Il fut un temps où Lille crut qu'il fallait faire table rase de son passé de fil et de sueur, et donc éradiquer la terre cuite pour s'ancrer dans la modernité. Ce fut le temps des bulldozers, du quartier d'affaires Euralille, dont on confia les plans à de grands architectes parisiens comme Jean Nouvel. Il fallait du verre pour qu'on voit la mue. Le reniement était encore plus évident chez la voisine, Roubaix, qui prétendait araser sa mémoire industrielle, devenue plaie honteuse.

" La ville brûlait ses vaisseaux ", résume l'urbaniste Thibaut Brodin, 48 ans. Il se souvient quand il a débarqué en 1993. Les dernières usines fermaient, 30 000 m2 de commerce avaient disparu en moins de dix ans, un logement sur deux était inoccupé en centre-ville. Les projets de béton ou de verre des années 1980 étouffaient l'âme de la ville, comme le centre commercial Roubaix 2000, qui ferma avant même de voir ce millénaire.

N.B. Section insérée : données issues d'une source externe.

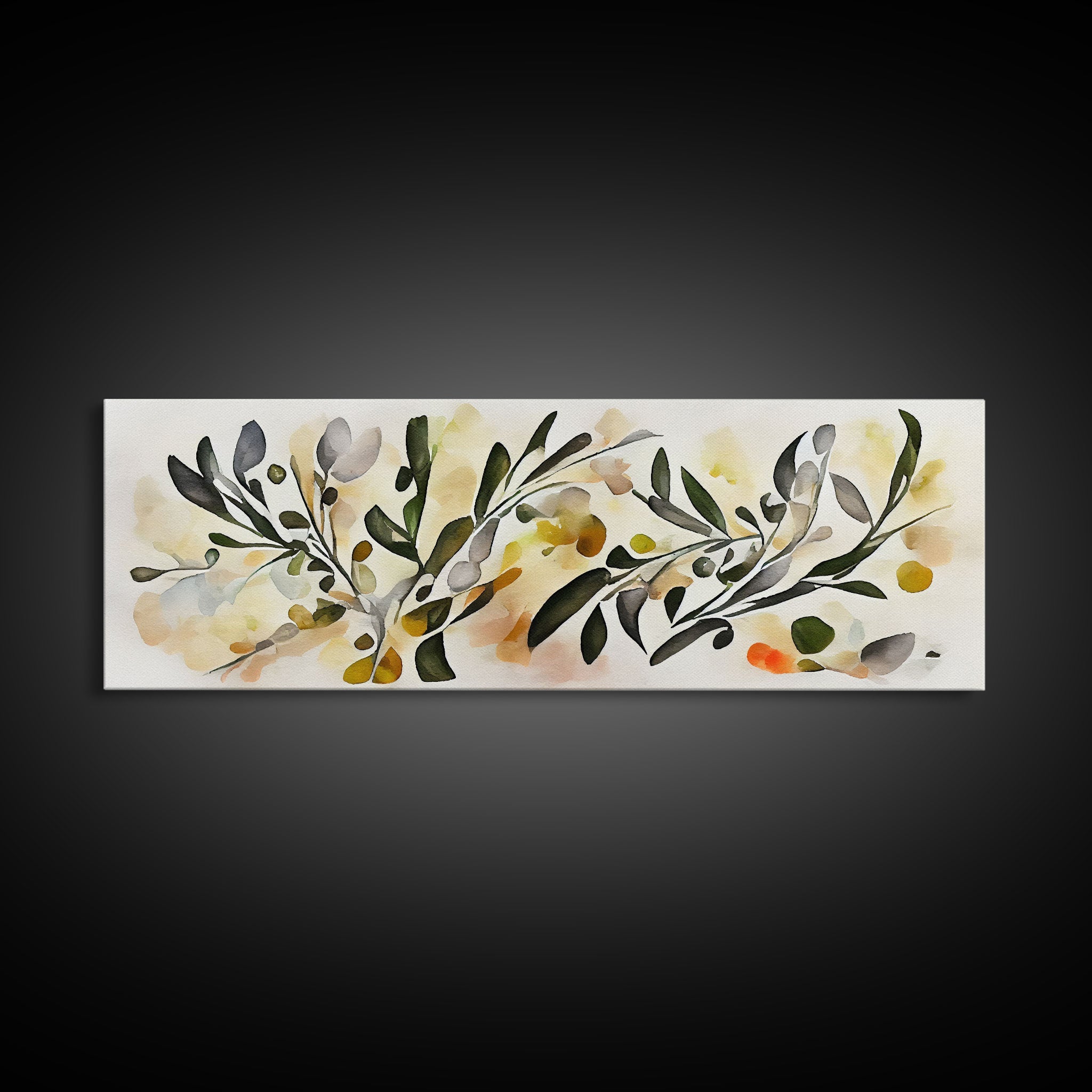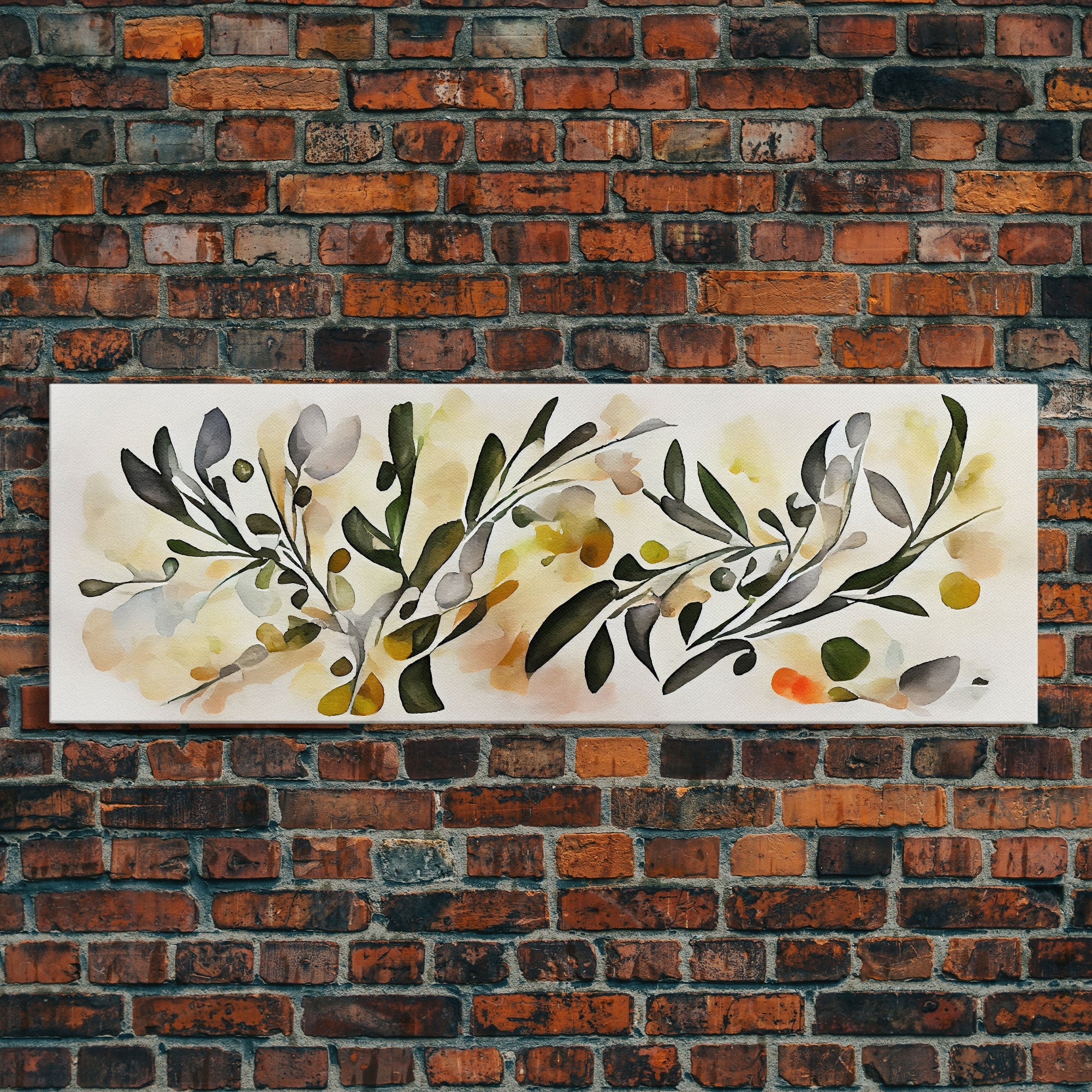 Apple Tree Leaves Wall Art, Ready To Hang Canvas Print, Panoramic Art, Floral Arrangement Wall Decor
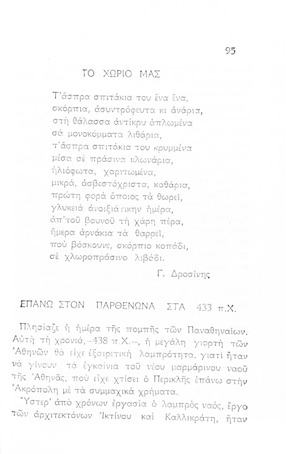 Αναγνωστικό Γ' Δημοτικού που περιέχει πεζά και ποιήματα εμπνευσμένα από τη θρησκευτική, εθνική, κοινωνική και ατομική ζωή, και την ελληνική φύση, ιστορία και μυθολογία.
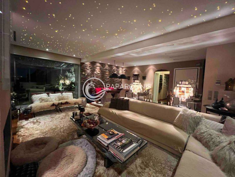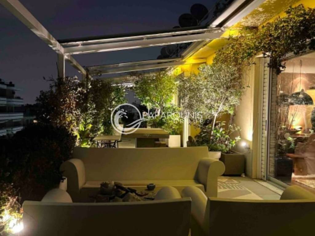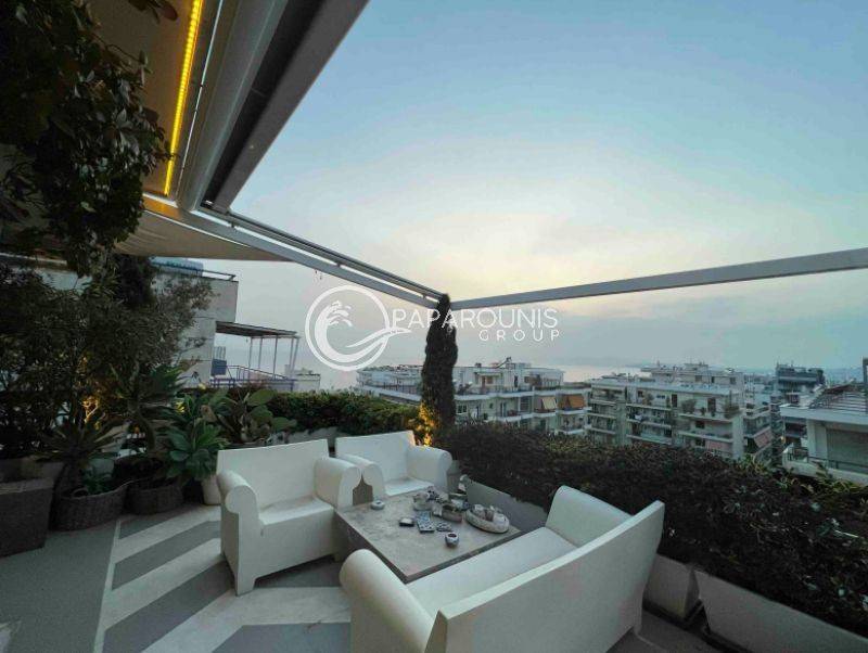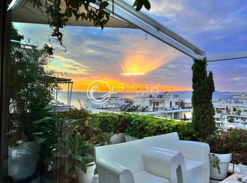 Διαμπερές και λουσμένο στο φως καθ’ όλη τη διάρκεια της ημέρας, αγκαλιάζεται από μια εντυπωσιακή περιμετρική βεράντα 250 τ.μ., προσφέροντας πανοραμική, απεριόριστη θέα στη θάλασσα και την Ακρόπολη ,θέα που απολαμβάνετε ακόμη και από το εσωτερικό του σπιτιού.
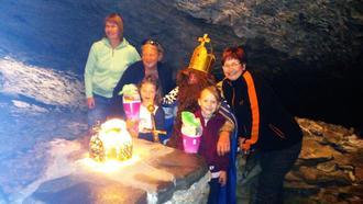 Dann war es endlich soweit! 13.30 Uhr wanderten Lena und Mara mit ihren Eltern und Antje zur Barbarossahöhle. Heike und Kathrin kamen später dazu und wir gönnten uns gemeinsam erst einmal Kaffee und Kuchen. Lena und Mara schleckten mit viel Genuss ihr Eis. Danach empfing uns Frau Anke Schreyer zu einer Extraführung in die Höhle. Sehr interessant gestaltete sie die Führung und voller Neugier hörten wir ihr zu und kamen am Stuhl von Kaiser Barbarossa an.
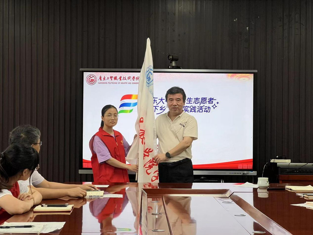 沈彬同志向助童益民“三下乡”社会实践志愿服务队授旗

La renaissance est née en partie de la conservation de l'existant, sous forme d'une zone de protection du patrimoine. Thibaut Brodin raconte le lent travail de réappropriation des lieux. Si l'on a beaucoup parlé des lofts que se sont taillés à Roubaix les bobos lillois – en fait 500 à peine –, on a moins évoqué les 45 000 emplois créés dans les anciennes usines, essentiellement dans le tertiaire et même les nouvelles technologies. Le fleuron reste Ankama, une société de jeux vidéo qui emploie 500 personnes. Les anciennes usines abritent aussi des universités ou des musées. L'ancien Lille-Roubaix-Tourcoing devenu Lille métropole, forte de 85 communes et 1,3 million d'habitants, se transforme ainsi jusque dans ses marges. Les quartiers de Lille-Sud, en déshérence, sortent de leur léthargie.

(...)   Si l'environnement s'améliore, reste que Naïma Benidar a perdu son emploi, il y a un an. Et c'est là le grand souci de l'actuelle mutation. La marche forcée vers l'économie du troisième millénaire laisse du monde sur le bord du chemin, notamment la population active issue de l'ère industrielle. Celle-là s'enfonce un peu plus chaque jour dans la misère. A Lille même, un habitant sur deux n'est pas assujetti à l'impôt. A Roubaix, un sur huit est au RSA et la ville reste celle où le revenu moyen est le plus faible de France. A Tourcoing, Elisabeth Marrant, une retraitée de 65 ans, se souvient de la ville de sa jeunesse, où " tout le monde travaillait ", chichement mais dignement. Puis elle a vu cette société se déliter avec le fléau du chômage. A l'entendre, la modernisation également en cours à Tourcoing, la course aux emplois de haut vol, ne règlent pas les problèmes sociaux.

 (...° " Les inégalités et la pauvreté progressent ", constate Vincent Boutry, directeur de l'Université populaire et citoyenne. Ce Roubaisien dénonce une vision de l'agglomération qui néglige les gens qui y habitent, s'insurge contre " des trucs pensés par des bureaux d'étude ". " On croit qu'apporter de la richesse va résorber la pauvreté, c'est faux. " Et de résumer d'un chiffre le sentiment d'abandon d'une partie de la population. A Lille, aux dernières élections municipales, l'abstention atteignait 55 %.